[Collected data entries]
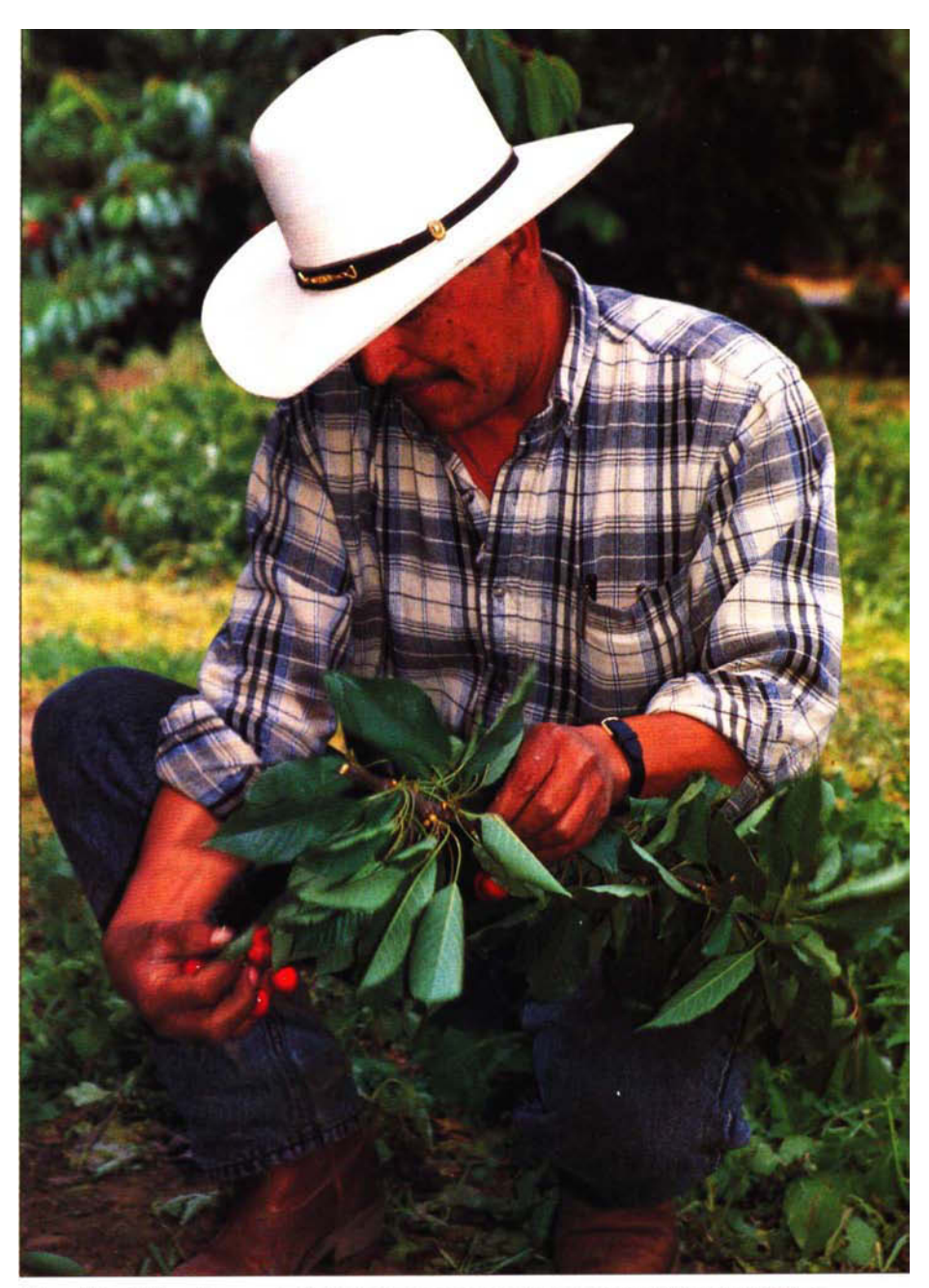
When identifying the most challenging and rewarding aspects of their positions, farm supervisors overwhelmingly selected their relations with people.

Those in upper management were six times more likely to fire an employee (85%) than first-line supervisors (14%). Respondents recalled having fired the last person as long as 44 years ago and as recently as 2 weeks ago, with an average of a little over 10 years since the last termination. Considering that the average time working as a supervisor was 14 years, it is clear that farm employees are not often terminated. In several instances the distinction between the employees being fired or quitting was blurred, as was the distinction between being fired or simply not rehired the next season. With the exception of two instances,
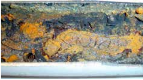
Figure 2. Discrete deposits on interior of steel pipe. These deposits are formed by microbes depositing materials from water and by the accumulation of corrosion products.
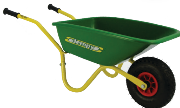
BERG Dempy Art. 25.17.00

BERG reserves the absolute right to make changes to the products described and/or depicted in this brochure. No part of this brochure may be reproduced without written permission from BERG. Printing and typesetting errors reserved. Art No. 49.68.01.87. Copyright BERG Toys B.V. 2018-2019.
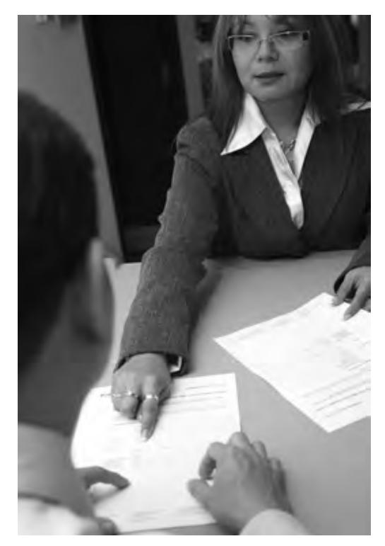
District registry staff assist applicants and other parties as well as the general public.

Principal Registry staff are in Brisbane, Perth and Sydney.
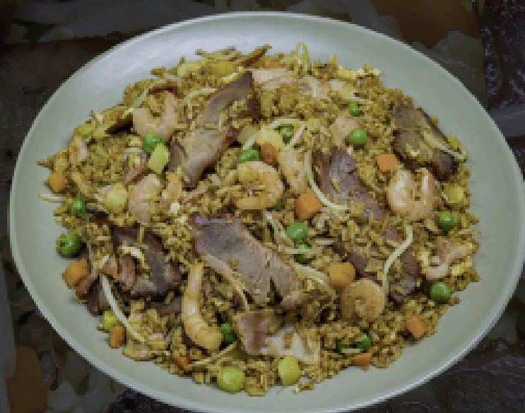
Nasi Goreng Fried Rice (BBQ Pork & Prawn) $ 16.9
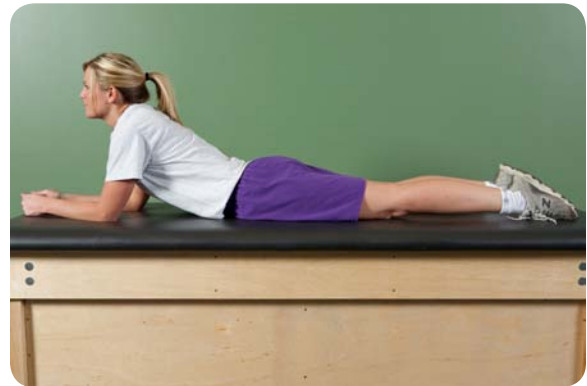
Prone on elbows

[EXERCISE GOAL]: An exact copy of the lines above, from the first through the line that holds "Those in upper", is what is needed; leave the pictures out.

[RESPONSE TO THE EXERCISE]:
When identifying the most challenging and rewarding aspects of their positions, farm supervisors overwhelmingly selected their relations with people.

Those in upper management were six times more likely to fire an employee (85%) than first-line supervisors (14%). Respondents recalled having fired the last person as long as 44 years ago and as recently as 2 weeks ago, with an average of a little over 10 years since the last termination. Considering that the average time working as a supervisor was 14 years, it is clear that farm employees are not often terminated. In several instances the distinction between the employees being fired or quitting was blurred, as was the distinction between being fired or simply not rehired the next season. With the exception of two instances,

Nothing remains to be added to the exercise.